Understudied spaces often have the richest problems, as we learned from looking at spreadsheets, dataframes, or notebooks, none of which had an established sub-community of researchers. While figuring out how to publish in these spaces is an entirely different matter, the lack of competition makes it such that you can take your time to publish—and when you do, it is more likely to define the field.
It’s hard to predict when ideas will be useful: as an example, ideas from SeeDB are seeing a resurgence in the era of agentic AI, where agents similarly want to issue a massive number of speculative probes to a backend data system, as is Orpheus, since agents will need lightweight branches and merges when operating on data at scale.
The push-pull of academia: In writing up this post, I realized that I got pulled in so many directions by students — as often as I pulled them. Working with students in places like Illinois or Berkeley is such a blessing, you learn so very much.

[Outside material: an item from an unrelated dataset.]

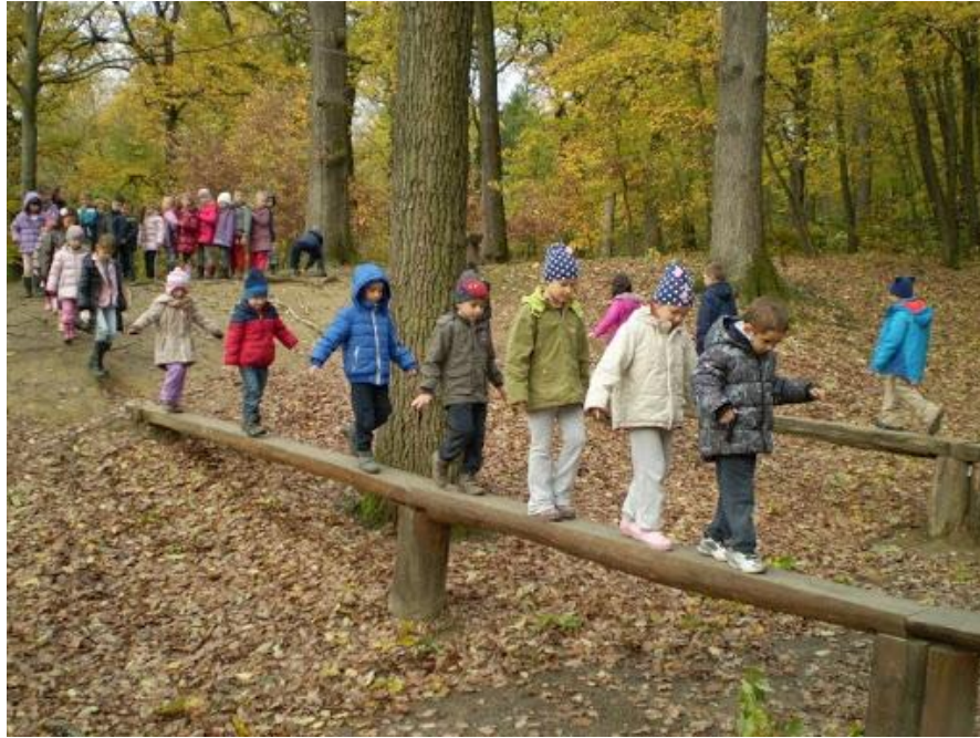
Slika 8. Djeca iz dječjeg vrtića Siget u Gradu mladih (sportske aktivnosti na otvorenom)

Building big, ambitious systems is fun and challenging! In picking papers to list, I realize I mostly listed big system building efforts, rather than other more algorithmic papers. While my PhD centered on more algorithmically-inclined work, I found, in my postdoc and beyond that system building efforts were a lot more exciting and had greater impact—in no small part because we thought long and hard about how the systems ended up getting adopted and used!

What a fun decade — now onto the next one!